Description of the task => From the entries below, gather every line containing the string "this".

Exercise data =>

◇ ◇ ◇

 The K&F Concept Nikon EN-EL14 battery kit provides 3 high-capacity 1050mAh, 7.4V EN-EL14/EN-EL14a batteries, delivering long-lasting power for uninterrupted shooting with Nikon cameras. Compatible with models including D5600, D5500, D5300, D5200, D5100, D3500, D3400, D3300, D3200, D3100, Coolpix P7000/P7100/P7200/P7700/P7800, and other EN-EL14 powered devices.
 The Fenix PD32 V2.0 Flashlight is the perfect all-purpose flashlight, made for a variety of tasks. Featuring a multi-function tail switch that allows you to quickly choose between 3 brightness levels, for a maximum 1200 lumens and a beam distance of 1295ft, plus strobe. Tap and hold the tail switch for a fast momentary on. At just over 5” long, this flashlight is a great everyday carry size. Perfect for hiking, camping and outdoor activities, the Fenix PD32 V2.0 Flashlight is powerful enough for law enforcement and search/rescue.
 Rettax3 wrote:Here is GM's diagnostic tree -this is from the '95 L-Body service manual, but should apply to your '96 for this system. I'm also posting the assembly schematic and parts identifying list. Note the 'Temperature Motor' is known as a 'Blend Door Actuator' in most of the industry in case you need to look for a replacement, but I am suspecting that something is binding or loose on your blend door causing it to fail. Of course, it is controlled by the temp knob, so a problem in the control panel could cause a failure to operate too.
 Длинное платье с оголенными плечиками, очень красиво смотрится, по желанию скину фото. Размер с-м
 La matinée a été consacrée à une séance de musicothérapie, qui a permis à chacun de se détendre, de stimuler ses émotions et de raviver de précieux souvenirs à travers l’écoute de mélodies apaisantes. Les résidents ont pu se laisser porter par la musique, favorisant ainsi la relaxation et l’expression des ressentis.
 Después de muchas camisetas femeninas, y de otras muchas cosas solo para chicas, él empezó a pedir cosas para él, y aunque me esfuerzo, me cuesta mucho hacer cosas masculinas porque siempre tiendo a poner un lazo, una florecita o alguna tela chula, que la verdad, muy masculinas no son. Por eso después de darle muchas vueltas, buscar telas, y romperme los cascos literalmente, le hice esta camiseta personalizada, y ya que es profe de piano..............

◇ ◇ ◇

Answer below =>
 The Fenix PD32 V2.0 Flashlight is the perfect all-purpose flashlight, made for a variety of tasks. Featuring a multi-function tail switch that allows you to quickly choose between 3 brightness levels, for a maximum 1200 lumens and a beam distance of 1295ft, plus strobe. Tap and hold the tail switch for a fast momentary on. At just over 5” long, this flashlight is a great everyday carry size. Perfect for hiking, camping and outdoor activities, the Fenix PD32 V2.0 Flashlight is powerful enough for law enforcement and search/rescue.
 Rettax3 wrote:Here is GM's diagnostic tree -this is from the '95 L-Body service manual, but should apply to your '96 for this system. I'm also posting the assembly schematic and parts identifying list. Note the 'Temperature Motor' is known as a 'Blend Door Actuator' in most of the industry in case you need to look for a replacement, but I am suspecting that something is binding or loose on your blend door causing it to fail. Of course, it is controlled by the temp knob, so a problem in the control panel could cause a failure to operate too.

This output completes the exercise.